Task brief: Leaving out every picture, retype the lines below from the top through the one that contains "Por meio de".

Available data:
::::::::

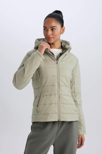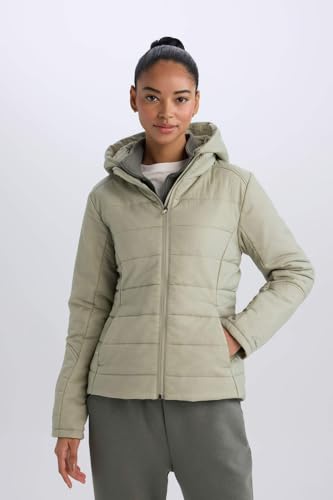 DeFacto - ديفاكتو ملابس خارجية بغطاء للرأس وقصة عادية للنساء، لون كاكي فاتح، مقاس S
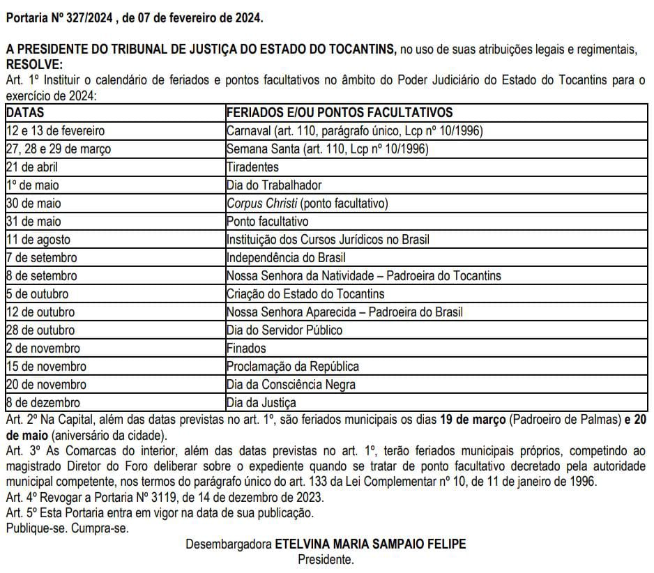 Por meio de Portaria publicada nesta sexta-feira (16/2), o Tribunal de Justiça do Tocantins (TJTO) instituiu o calendário de feriados e pontos facultativos no âmbito do Poder Judiciário do Tocantins para o exercício do ano de 2024.
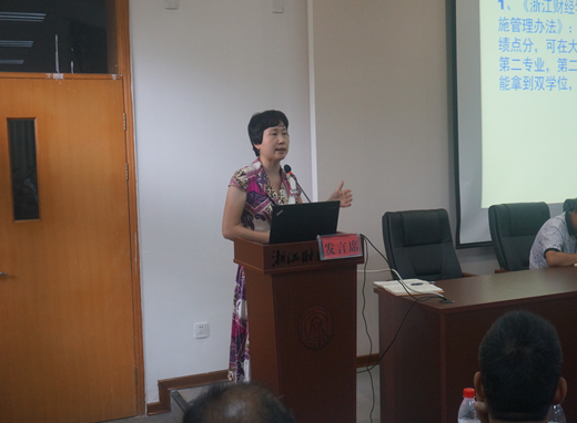 罗金艳副书记介绍了15级新生的团队配备,以及学校有关规章制度。从双专业修读到奖学金,从学籍管理到违纪处分,让新生家长对员工的老员工涯有了一个全面的了解。她指出,从学院的日常管理层面来讲,公司采用专业教师担任新生专业班主任、综合导师和年级辅导员相结合的方式,对员工全方位全过程的培养教育。最后着重介绍了近五年来法学、社工专业员工努力提升学历层次和取得的成果。
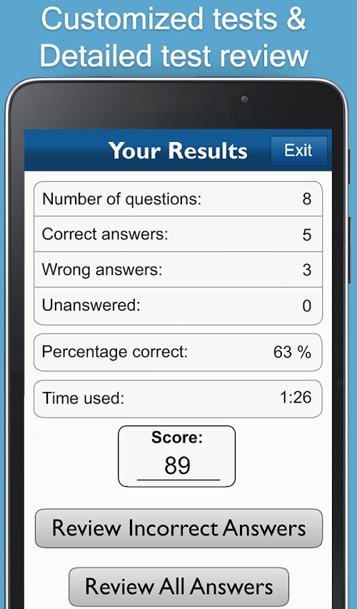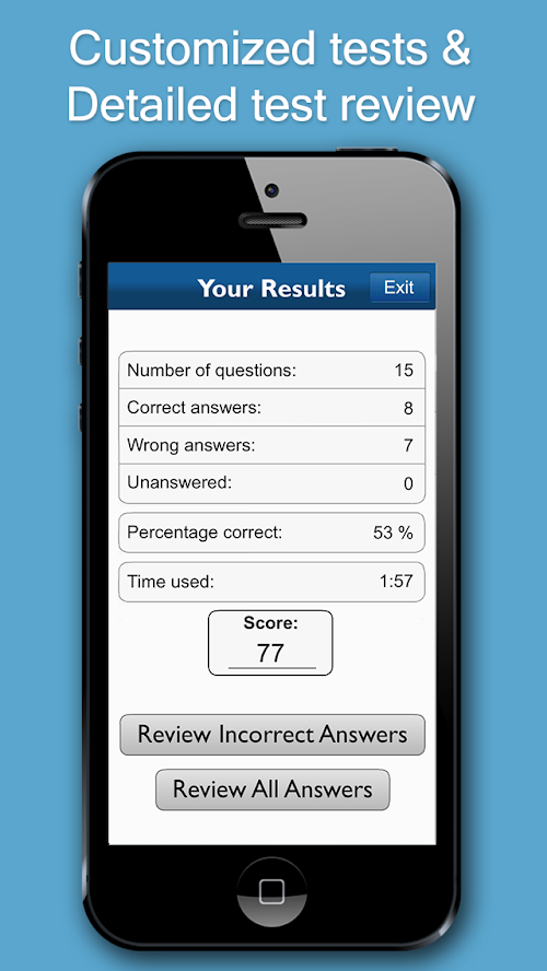 After each practice session your results with score are displayed, you can review questions and read a detailed explanation of almost every answer.

::::::::

Solution for this task:
 DeFacto - ديفاكتو ملابس خارجية بغطاء للرأس وقصة عادية للنساء، لون كاكي فاتح، مقاس S
 Por meio de Portaria publicada nesta sexta-feira (16/2), o Tribunal de Justiça do Tocantins (TJTO) instituiu o calendário de feriados e pontos facultativos no âmbito do Poder Judiciário do Tocantins para o exercício do ano de 2024.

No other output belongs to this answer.